Pulmonary Vasculitis (Necrotizing granulomatous vasculitis, Churg-Strauss syndrome, Microscopic polyangiitis)

What every physician needs to know:

Pulmonary vasculitis is characterized by inflammation and destruction of pulmonary vasculature with subsequent tissue necrosis. These disorders can be divided into those that are part of a systemic autoimmune vasculitis and secondary cases. Secondary pulmonary vasculitis can be associated with a number of diverse etiologies, including infection, drug reactions, connective tissue disease, and malignancy. Systemic lupus erythematosus, mixed connective tissue disease, and antiphospholipid syndrome are the common connective tissue diseases associated with pulmonary vasculitis.

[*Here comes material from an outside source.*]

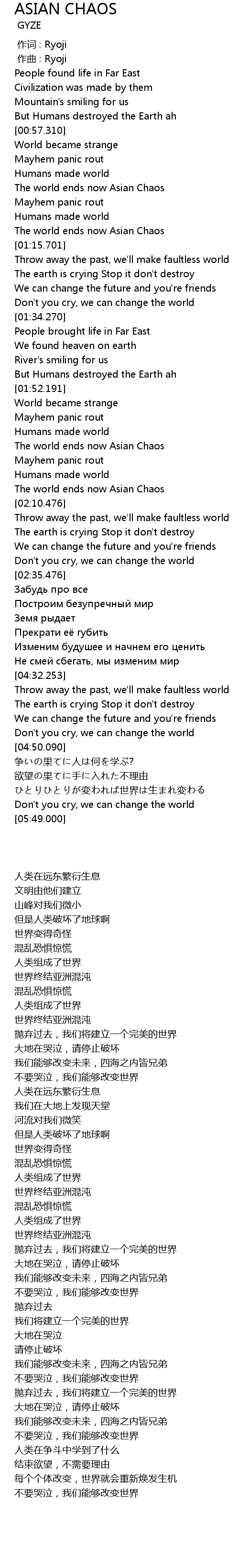 | [02:14.821] | The earth is crying Stop it don't destroy |

Systemic vasculitis is traditionally divided into large-vessel, medium-vessel, and small-vessel vasculitis. Pulmonary vasculitis affects small vessels—principally capillaries, but also arterioles and venules. More recently the small-vessel vasculitides have been divided into antineutrophil cytoplasmic antibody (ANCA)-associated vasculitides (AAV) and immune-complex mediated vasculitides.

The AAV include granulomatosis with polyangiitis (GPA, formerly Wegener’s granulomatosis), eosinophilic granulomatosis with polyangiitis (EGPA, formerly Churg-Strauss Syndrome), and microscopic polyangiitis (MPA). They are systemic vasculitides that may include pulmonary vasculitis. There is also a lung-only AAV termed isolated pauciimune pulmonary capillaritis. The immune complex mediated vasculitides are Henoch-Schönlein purpura, IgA nephropathy, Behçet’s disease, and essential cryoglobulinemia. As they do not typically have lung manifestations except in extremely rare cases, they will not be the focus of this chapter.

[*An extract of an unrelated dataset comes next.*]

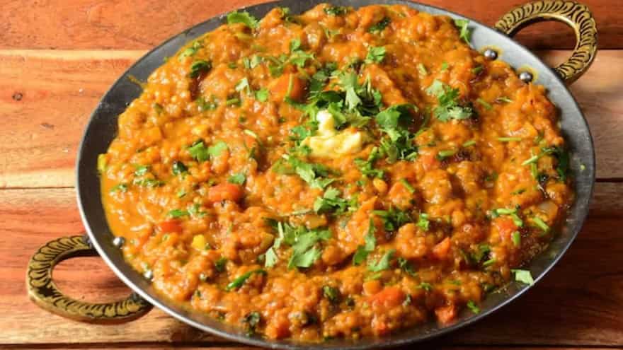 It is a North Indian staple which is prepared using toor or moong dal, which is boiled until it turns soft and tender and then tempered with a hint of asafoetida (hing), mustard oil, cumin, garlic, and red chillies. Without adding ghee, it maintains its deep, smoky flavours with a rustic aroma. The taste is comforting, spicy, and slightly tangy. Dal tadka pairs perfectly with chapatis or rice, showing that authentic Indian food does not have to rely on dairy products to be soul-satisfying.

The diagnosis of vasculitis is a challenge because of the significant overlap in clinical, radiographic, and laboratory features with multiple disease processes, particularly infection and drug reactions. As a result, there is often a delay in establishing the diagnosis of vasculitis. Once a diagnosis of vasculitis is established, immunosuppressive therapy is usually required.

The intensity of the immunosuppressive therapy is determined by disease severity and the degree of organ damage at the time of diagnosis. Therapy is initially geared toward inducing remission, followed by maintenance therapy with frequent evaluation for drug toxicity, infectious complications, and disease relapse.


See Table 1.

Table 1.
Primary Vasculitis

Small-vessel vasculitis

Necrotizing granulomatous vasculitis (NGV)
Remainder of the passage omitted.